I was catching up on Flipboard the other morning when I came across this article from Marie Claire:

What Are Consent Contracts? (And Why, Oh God Why, Are They A Thing?)

Now I don’t pretend to know anything about rape. I don’t personally have any experience of it and thankfully neither do I know anyone who has.

But there does seem to be a problem with people obtaining consent for sex nowadays and I think that is really sad.

I also hate the way that the victim of rape (male or female) is made to feel like they are in the wrong and they shouldn’t report it. It is a crime and like any other crime it should be reported and it should be taken seriously.

There is I feel another side to the story in some cases where people have a change of heart and claim rape, especially when famous people are involved to obtain money and fame from selling the story.

I’m not suggesting anything in particular but it has happened and this too is disgusting and doesn’t help the true victims of rape. I’m sure from time to time it’s used as a vengeance tool to get back at people and that too is disgusting.

Personally I don’t think the media should pay people for stories about celebrities, especially in these sorts of circumstances as it just glorifies it to some people.

I’ve never really understood why a victim of rape would want the story plastered all over the internet and newspapers/ magazines in local shops and bring a lot of criticism on themselves for the sake of money. There are better ways to make money! The victims are never made to look good by the press in those circumstances.

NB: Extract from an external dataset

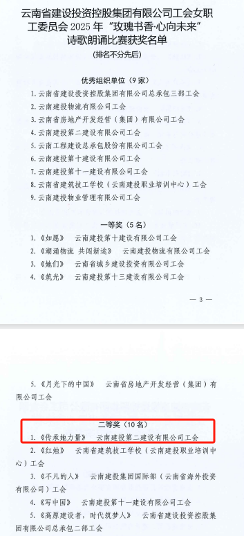 近日,集團工會公布了2025年“頌黨恩·詠經(jīng)典·傳家聲”親子誦讀活動及“玫瑰書香·心向未來”女職工詩歌朗誦比賽結(jié)果,由公司工會報送的視頻作品《祖國頌歌》《傳承她力量》從近百個作品中脫穎而出,分別榮獲一等獎、二等獎。
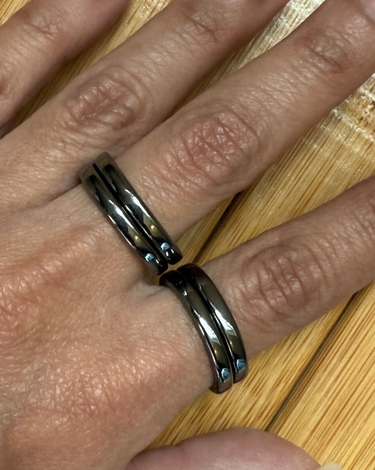 Set Of 4 Polished Hematite Rings (size 5)

I would imagine rape to be a deeply traumatic experience and it would be better to bring a court action and obtain justice for the crime than to get a quick buck from the tabloids, surely?

If someone is a sexual threat then they should be stopped before they can hurt anyone else and it takes a really brave and strong person to stand up against them. We should be praising their strength and not making them feel guilty about something that was out of their control.

But like I said I have no experience and can only guess what it is like.

The point of this blog is about consent contracts which seem to be completely pointless and insulting. Two grown adults who are mature enough to be engaging in consenting sex shouldn’t need a ‘Consent Contract Kit’ to facilitate this.

How about you use common sense instead. If someone is passed out they can’t consent. If someone has sex with you and then your friends want to join in discuss it first, if anyone says no it doesn’t happen.

If you have to force someone, hold them down, threaten them or tie them up, unless you are engaging in consensual roughness then they probably aren’t consenting to sex.

Even if you do normally engage in rough sex including being tied up and forced, some people have rape fantasies, you still need to obtain consent before you do it. Just because someone consented once doesn’t give you automatic rights to assume consent every time.

In an intelligent society there should be no need for rape and consent contracts. The internet and apps have made finding a partner for sex easier than it ever has been so if you do find someone saying no then use your apps. Maybe there is someone in your area that is up for exactly what you are and they may well be surprisingly close to you.

Rape is never ok, forcing someone against their will is never ok and a consent contract is not a get out of jail free card.

Be the kind of person who has enjoyable sex and someone people want to say yes to and not the kind of person who sees a no as a yes anyway.